Grahame was quite impressed when he found out I was a TV scriptwriter, but when I mentioned the name of the show he said, “Oh, that,” in a distinctly sniffy tone. I thought this was a bit cheeky, especially as he was swigging my tea and stuffing himself with carrot cake from Pret A Manger at the time. “It’s all right, I suppose,” he said, “if you like that sort of thing.” I pressed him to explain why he obviously didn’t like it himself. “Well, it ain’t real, is it?” he said. “I mean, every week there’s some great row in one of the houses, but it’s always sorted out by the end of the programme, and everybody’s sweet as pie again. Nothing ever changes. Nobody ever gets really hurt. Nobody hits anybody. None of the kids ever run away.” “Alice ran away once,” I pointed out. “Yeah, for about ten minutes,” he said. He meant ten minutes of screen time, but I didn’t quibble. I took his point.

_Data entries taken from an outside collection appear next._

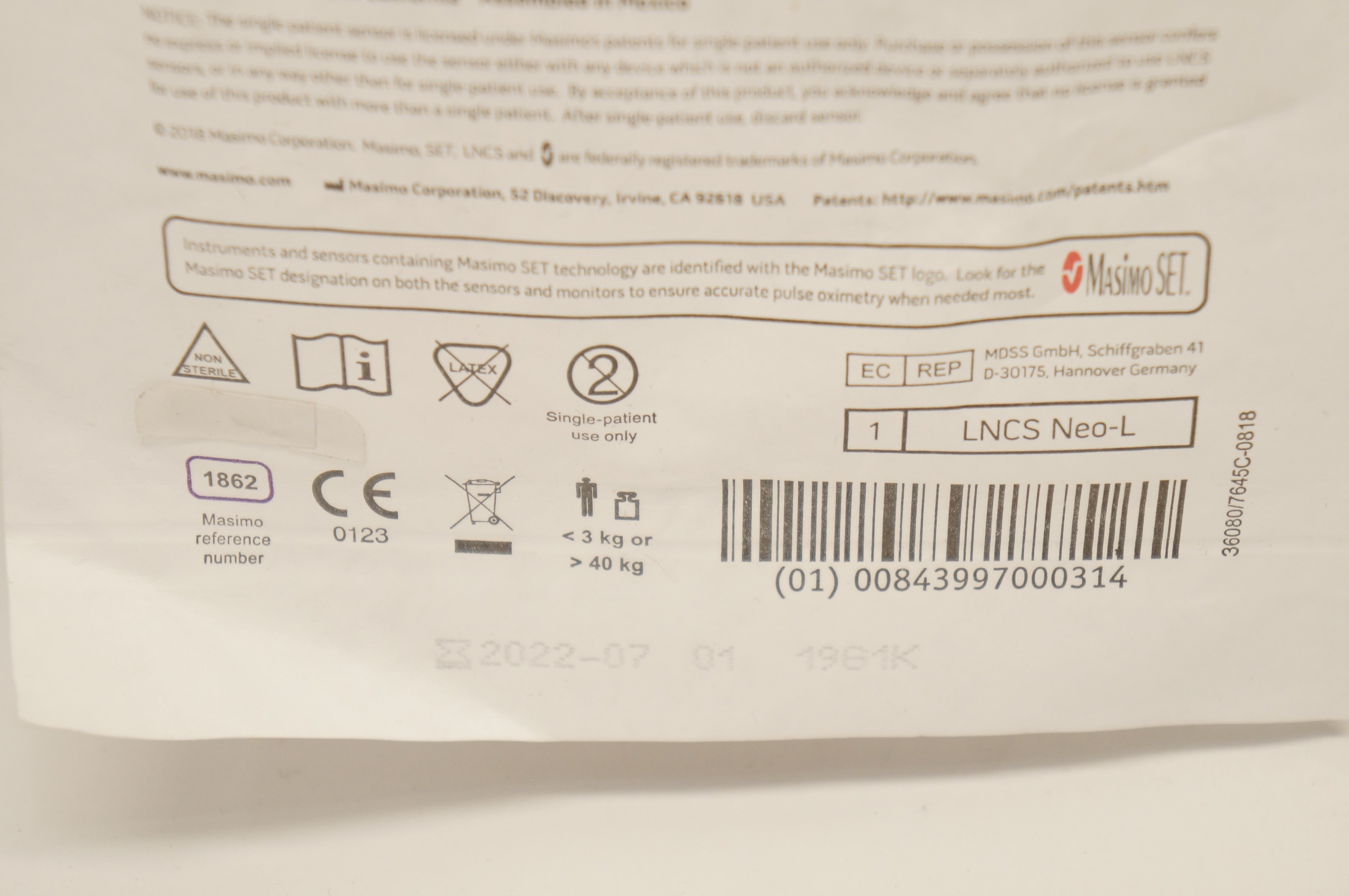 - Masimo 1862 LNCS Neo-L SpO₂ Neonatal/Adult Pulse Oximeter Adhesive Sensor
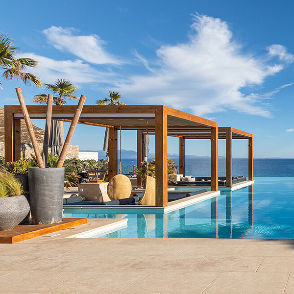 Step onto balconies with Aegean views or bask in your private pool while taking in the culture of Mykonos at Santa Marina, a Luxury Collection® Resort at Ornos Bay.
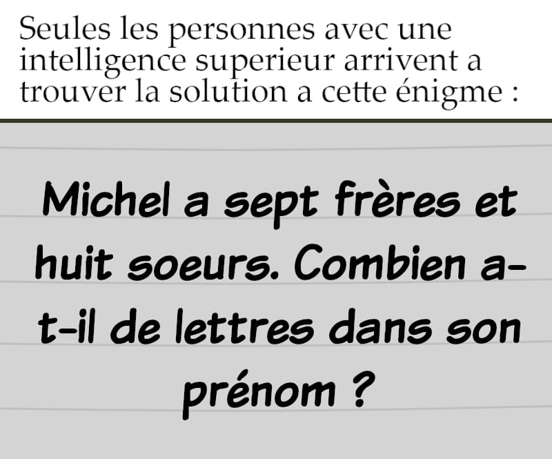 Bon, et maintenant, si vous voulez vraiment tester votre intelligence, voilà des devinettes super dures. C'est pas la même histoire.
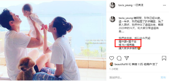 两人并不满足于“一家三口”,杨怡俨然已经忘记自己曾说的“儿女随缘”,和老公双双改名,罗仲谦改为罗子溢,杨怡改为杨茜尧。
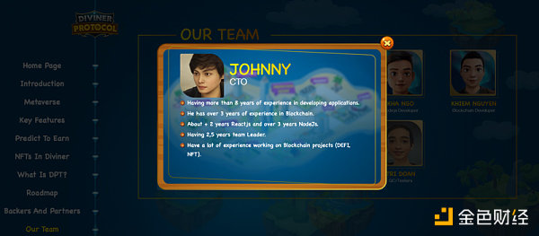 CTO Johnny,有超過 8 年的應用開發經驗。在區塊鏈有超過 3 年的經驗,超過 2 年的 Reactjs 和超過 3 年的 NodeJs 的經驗。有 2 - 5 年的團隊領導經驗,及豐富的區塊鏈項目(DeFi, NFT)工作經驗。
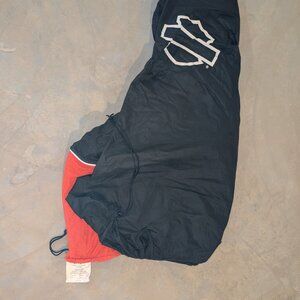 Harley Davidson Small Motorcycle Cover in excellent used condition. Used with an Iron 1200. Orange/Black with Harley-Davidson graphics, Breathable polyester cover promotes air circulation to reduce moisture build-up and minimize corrosion during short or long term storage, front and rear adjustable drawstrings to cinch the cover around the bike and a convenient belly strap to reduce ballooning in the wind, opening near the front wheel for a security chain or cable and internal pockets that accept the optional Cover Alarm, and reflective piping for added visibility.
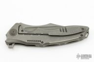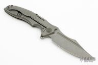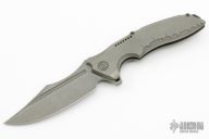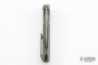 This 814B Chimera by WE Knife Company features a clip point blade with swedge, notched thumbrest, fullers and flipper. The handle is comprised of a machined and tumbled titanium frame over a matching backspacer. Matching tip up clip with anodized titanium hardware. Includes original box and papers. Excellent condition.
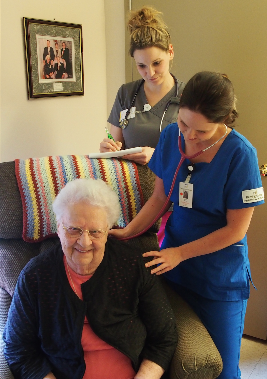 Fleming College students Jenna Maxwell (forward) Nicole Richard (back) check up on Centennial Place resident Helen Rideout.
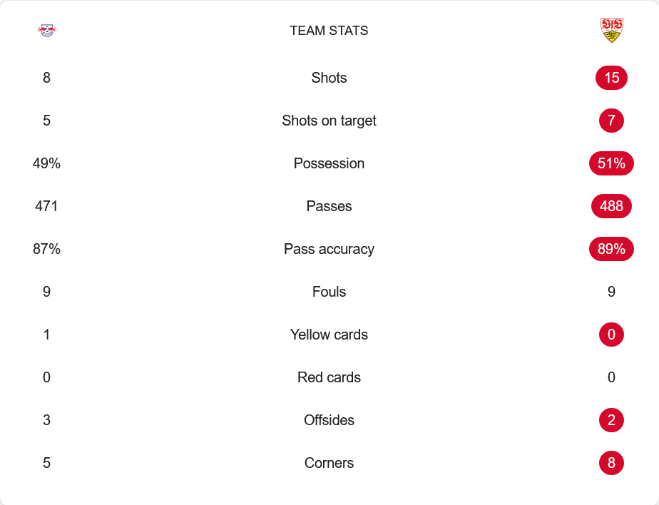 แม้ไลป์ซิกจะได้เล่นในบ้านและครองบอล 49% พร้อมกับมีโอกาสยิงทั้งหมด 8 ครั้ง และเข้ากรอบ 5 ครั้ง แต่กลับไม่สามารถรักษาสกอร์นำไว้ได้ ขณะที่สตุ๊ตการ์ตครองบอล 51% และแสดงความเฉียบขาดเหนือชั้นเมื่อยิงได้ 15 ครั้งและเข้ากรอบถึง 7 ครั้ง การจ่ายบอลของทีมเยือนแม่นยำกว่าชัดเจนที่ 89% จากจำนวน 488 ครั้ง ขณะที่ไลป์ซิกจ่ายไป 471 ครั้งที่ความแม่นยำ 87% ทั้งสองทีมมีจำนวนฟาวล์เท่ากันที่ 9 ครั้ง แต่ไลป์ซิกได้ใบเหลืองหนึ่งใบจาก โกมิส และเสียลูกเตะมุม 5 ครั้งให้ทีมเยือนที่ได้ถึง 8 มุม
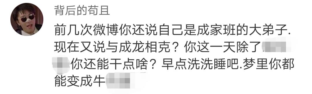 对此,网友们纷纷留言抨击道:“废聋,你是86版西游记里小钻风。被猴哥一棒敲死那个”、“前几次微博你还说自己是成家班的大弟子,现在又说与成龙相克?你这一天除了扯淡你还能干点啥?早点洗洗睡吧,梦里你都能变成牛”、“我……竟然无言以对”、“用不着你服不服,你算个什么东东?京哥都不稀得理你”、“56亿够你用一生仰望”、“真不好意思大家 我是沛县精神病院的主治医师,都怪我没叫人看好他 又跑出来乱吼乱叫希望没吓到你们,以后我会严加看管的”。
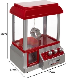 Bediening en MECHANISME voor het vangen van snoepjes - De snoepgrijper werkt als een echte automaat. Aan de voorkant van het speelgoed bevinden zich drie joysticks van duurzaam PS, die volledige controle over de klauw bieden. De eerste joystick beweegt het mechanisme vooruit en achteruit, de middelste naar rechts en links en de derde laat de stalen klauw zakken en heffen, bevestigd aan de portaalarm met een robuuste ketting met een oog. Het hele vangen van snoepjes is uitzonderlijk vloeiend en realistisch en de vreugde van het grijpen van favoriete lekkernijen wordt nog vergroot door het speelse avontuur. Na het vangen van een snoepje wordt het snoepje handig gedeponeerd in de rood verlichte opening, wat het spel extra fun geeft.
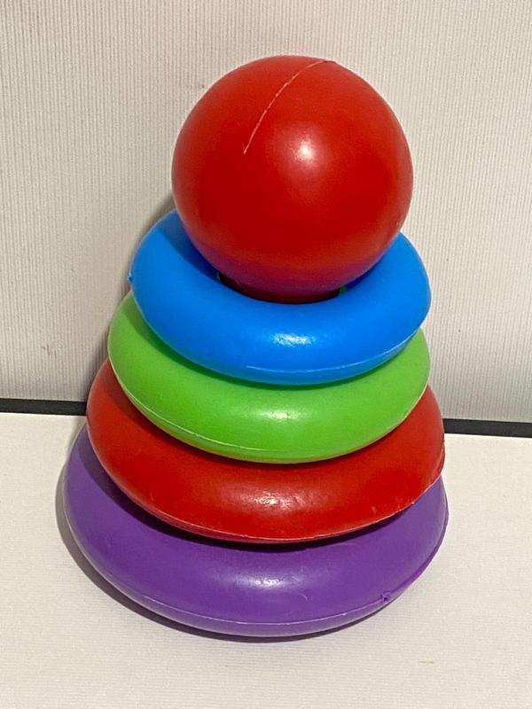 Развивающая игрушка Пирамидка по заключению психологов является лучшей для маленьких детей. Она способствует развитию первичных навыков (внимательности, наблюдательности, мелкой моторики) и познания в целом. Пирамидка состоит из 3 колец разного размера и цвета, нанизанных на ось с основанием, и колпачка. Кольца пирамидки обладают приятной поверхностью, их удобно держать в маленьких ладошках. Снимая и нанизывая колечки на основу, малыш знакомится с формой и размером предметов, учится пространственно мыслить, распознавать цвета и изучает количественный счет. Пирамидка состоит из 6 элементов.
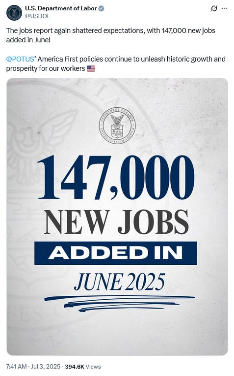Given the 33,000 jobs lost on the ADP jobs report, for the BLS to report 147,000 new jobs in the US for June is a bit of news almost too good to be true.
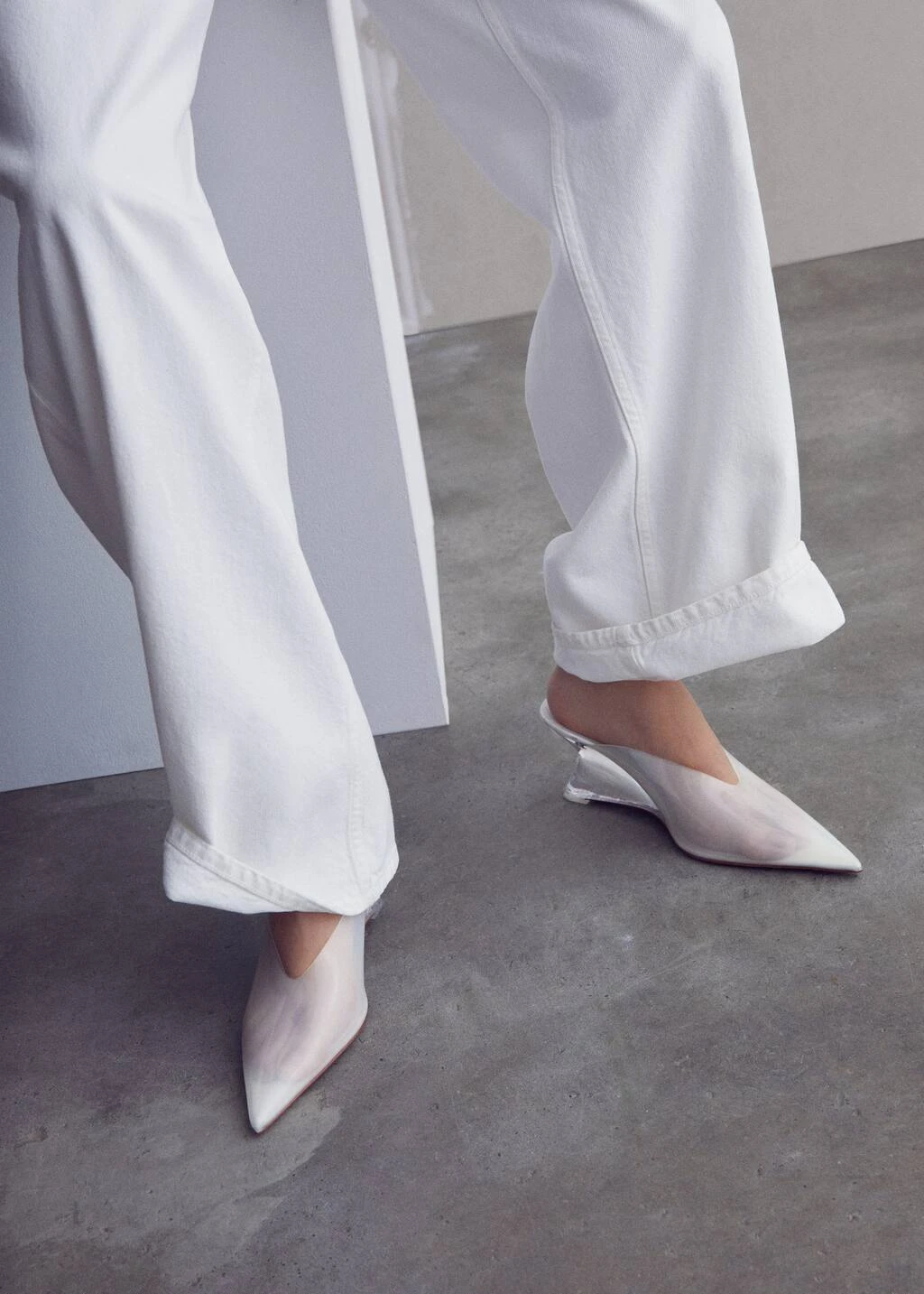 talon compense, design transparent, empiecement vinyle transparent, a pointe, sans fermeture, talon de 7 cm, collection fetes et ceremoniesCarre: 100% thermoplastique. Semelle: 100% polyurethane. Semelle: 100% caoutchouc. Fixation semelle: 100% collée
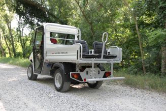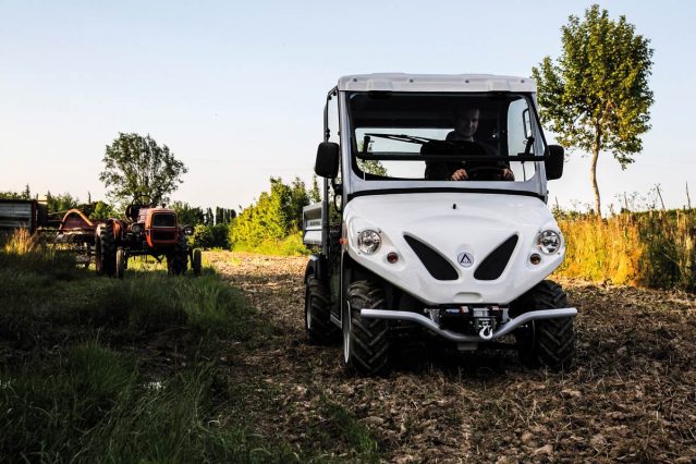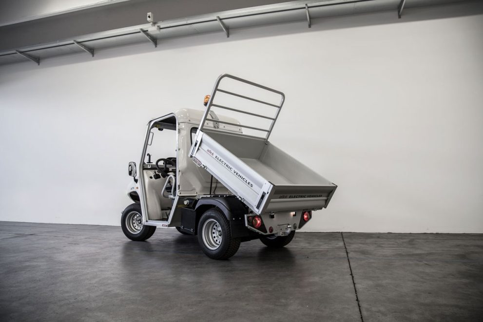 This is the lightest of the ATX models with an intermediate loading bed of 180×123 cm. It has a payload of 635 kg. These electric vehicles have European homologation (category L7e). Among the main features you’ll find: AC electric motor rated at 8 kW, with maximum power of 14 kW, regenerative motor brake, controller Curtis with 385 A.
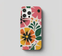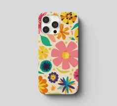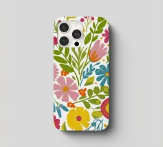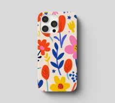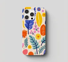Una bella macchia di fiori selvatici stilizzati e stravaganti è illustrata in un affascinante stile ispirato all'arte popolare, con un delizioso mix di colori e forme che irradiano gioia e bellezza naturale.
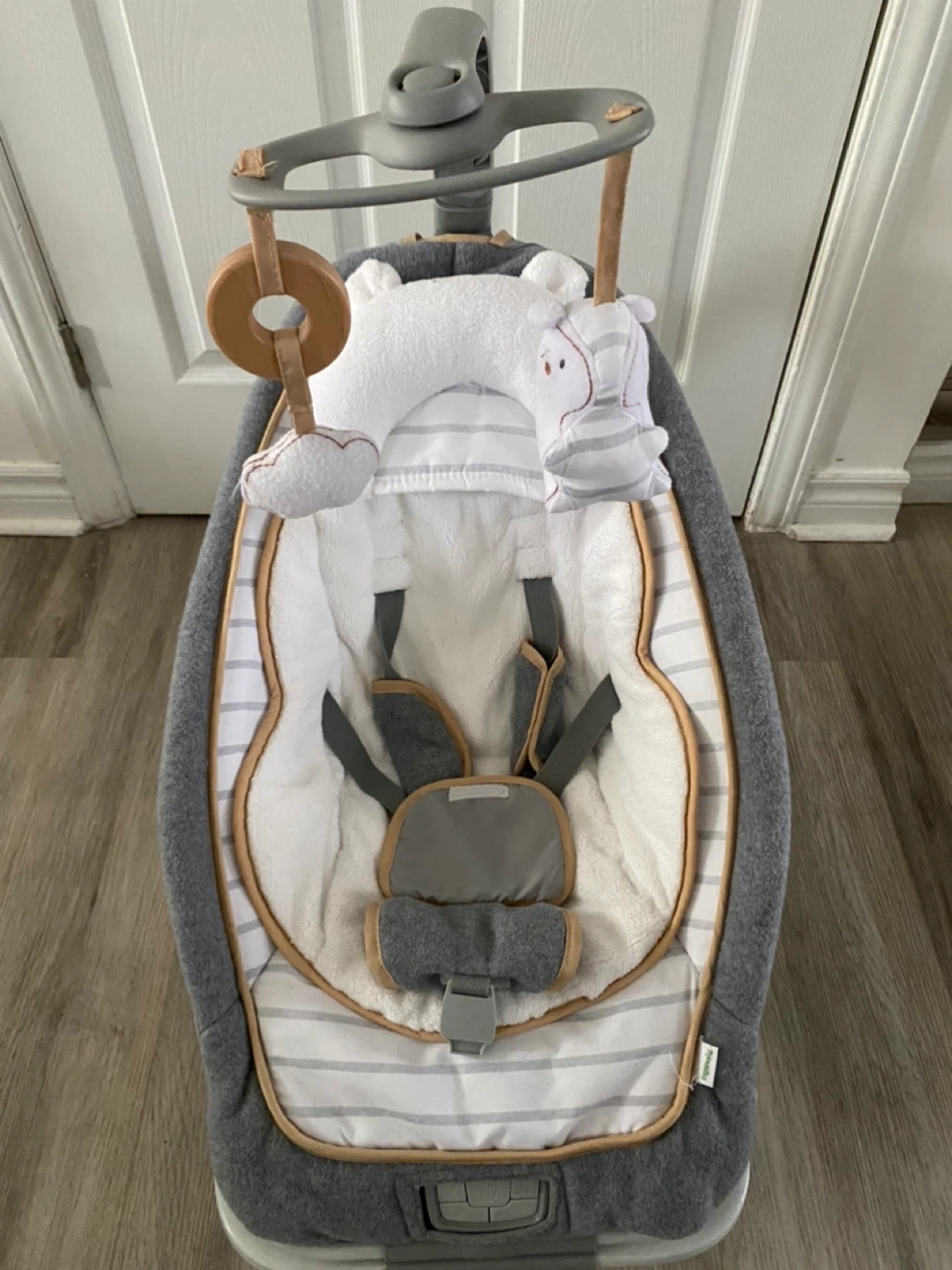This is a soft baby bouncer seat with a grey and white striped pattern. It has an overhead toy bar with plush toys and a secure five-point harness. The seat includes a comfortable head support pillow. It's a cozy spot for little ones to relax and play!
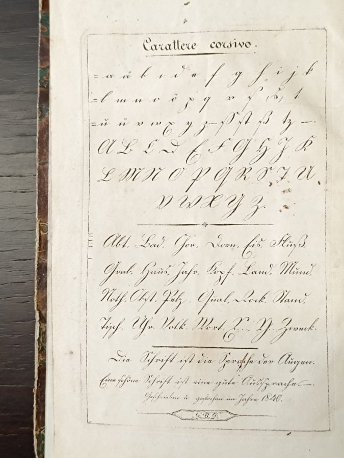 In-8° (cm. 20,5), cartonato coevo marmorizzato (alcune abrasioni ai piatti, dorso senza marmorizzatura); pp. IV 192 in stato molto buono (lievi e sporadiche fioriture, piccolissime macchiette); con 1 tavola in rame all'antiporta fuori testo riportante «Il carattere corsivo» (piccola mancanca al margine interno senza fastidio). Terza e non comune edizione «corretta e migliorata con nuovo Esemplare di Scrittura Tedesca». Buon esemplare. (NB9)
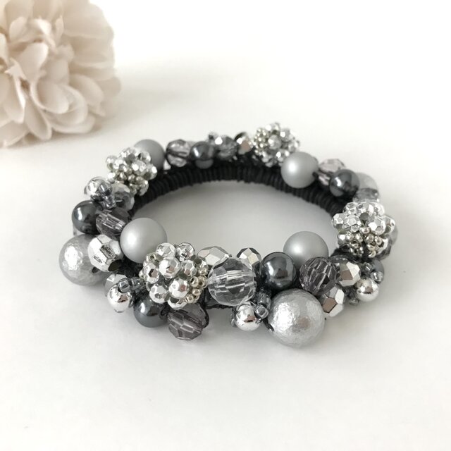 高級感漂う上品なシルバー色のシュシュです。

2. 15 p. m. I went out for a pub lunch and when I came back there was a message from Samantha on the answerphone: she’s had an idea for solving the Debbie-Priscilla problem that she wants to discuss with me. She said she would be back at her desk by three, which seems to imply a rather leisurely lunch, but gave me time to leave a message on her answerphone, asking her to put the idea on paper and mail it to me. I only communicate by answerphone or letter nowadays. This allows me to control the agenda of all discussions and avoid the dreaded question, “How are you?” Sometimes if I’m feeling particularly lonely I call my bank’s Phoneline service and check the balances in my various accounts with the girl whose recorded voice guides you through the digitally coded procedure. She sounds rather nice, and she doesn’t ask how you are. Though if you make a mistake she says, “I’m sorry, there appears to be a problem. ”Too true, darling, I tell her.